# Eclipse - default package



## Pikador (30. Aug 2005)

Hallo.

Habe mir gestern Eclipse installiert und experimentiere ein Bisschen damit. 
Ich habe drei Projekte erstellt. In jedem Projekt ist nur eine Klasse. Dann habe ich versucht aus den Projekten 2 und 3 die Klassen zu dem Projekt 1 hinzuzufügen. Bei der Klasse von Projekt 2 war das kein Problem aber die Klasse von Projekt 3 kann ich nicht zu Projekt 1 hinzufügen. Ich muss dazu sagen dass ich für die Klasse 2 explizit ein Package definiert habe und bei der Klasse 3 hat Eclipse automatisch ein default Package erstellt.
Weiß jemand vielleicht wie man klassen in einem default Package in Projekten mehrfach benutzen kann?

Danke!!!

Ps.
Habe auch versucht die Klasse 3 in einer Jar-Datei zu packen um sie dann einzubinden.

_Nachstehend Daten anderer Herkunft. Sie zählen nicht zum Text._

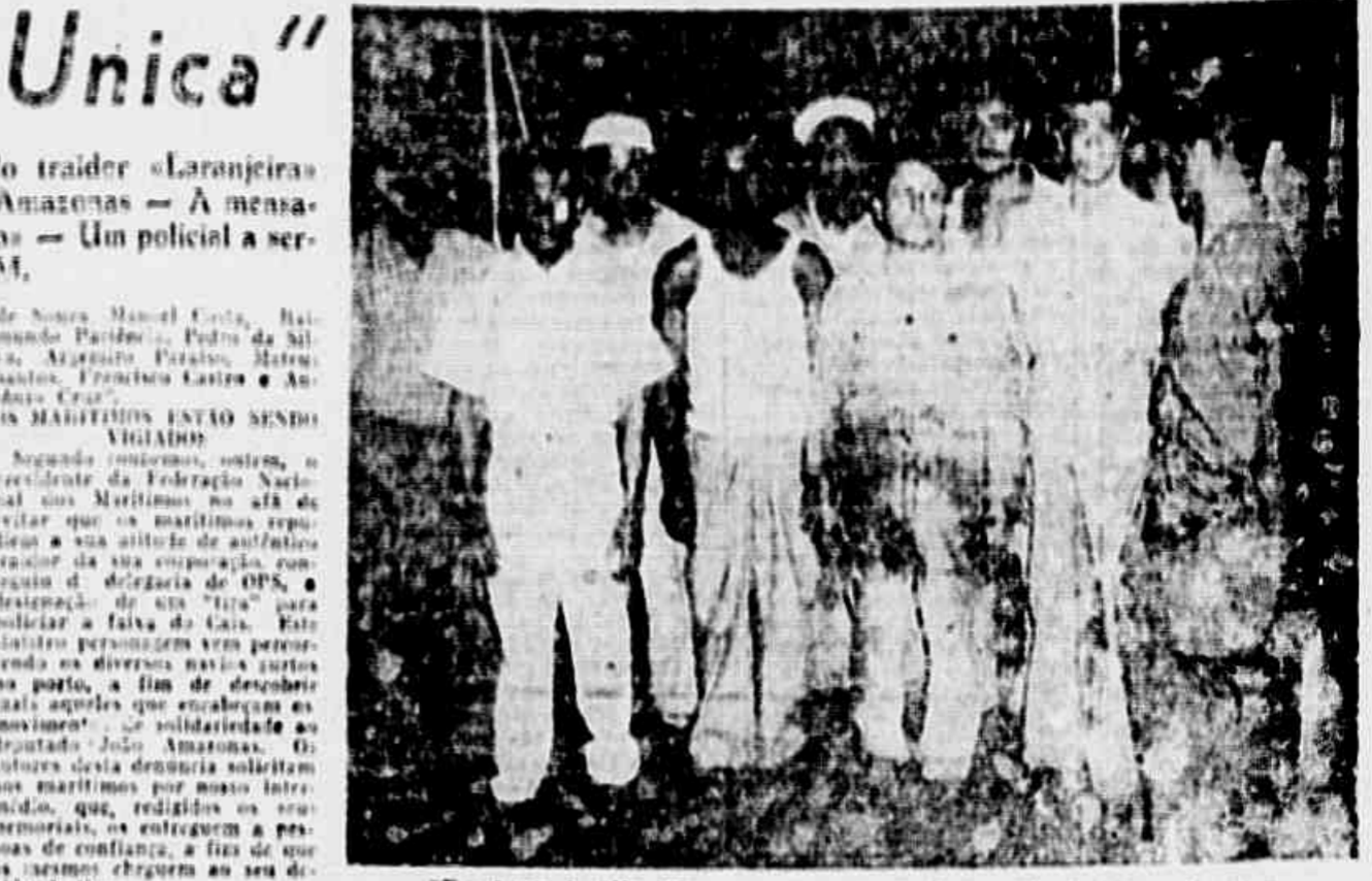
«Ainda não existe etapa única», Laranjeira está mentindo — A mesa de negociação

— «Hoje não jantei, Olhei para a comida e não pude trabalhar, comer o que nos pagam só de ano em ano, quando vem um mês com um pedaço de galinha. Para não morrer de fome, comprei leite e tomei com aveia. Assim falamos um dos tripulantes do «Herval».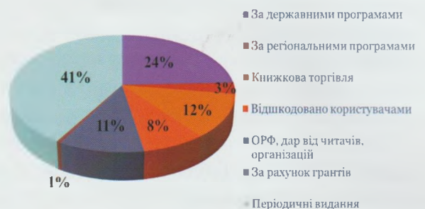
Джерела надходжень видань для дітей до бібліотек області в 2017 р.

Поповнення фондів здійснювалось в основному за рахунок державних програм – 5,9 тис. прим., за регіональними програмами – 0,8 тис.

Hat aber auch nicht geklappt. Mit der Klasse 2 kein Problem.


----------



## lin (30. Aug 2005)

per drag and drop kannst du sie doch rüberziehen?
Du wählst die Klasse aus (im package explorer) und ziehst sie dann in die package des anderen Projekts rüber...


----------



## Guest (31. Aug 2005)

Hallo.

DANKE!

Na klar, das funktioniert. Ich hatte wohl ein black out.

Ciao


----------



## Bleiglanz (31. Aug 2005)

> Weiß jemand vielleicht wie man klassen in einem default Package in Projekten mehrfach benutzen kann?


am besten GAR NICHT

=> es ist nicht genau spezifiziert wie das geschehen soll, und teilweise plattformabhängig; eine "default" Klasse in einem jar Archiv ist eine ganz schlechte Idee

am besten IMMER packages verwenden


----------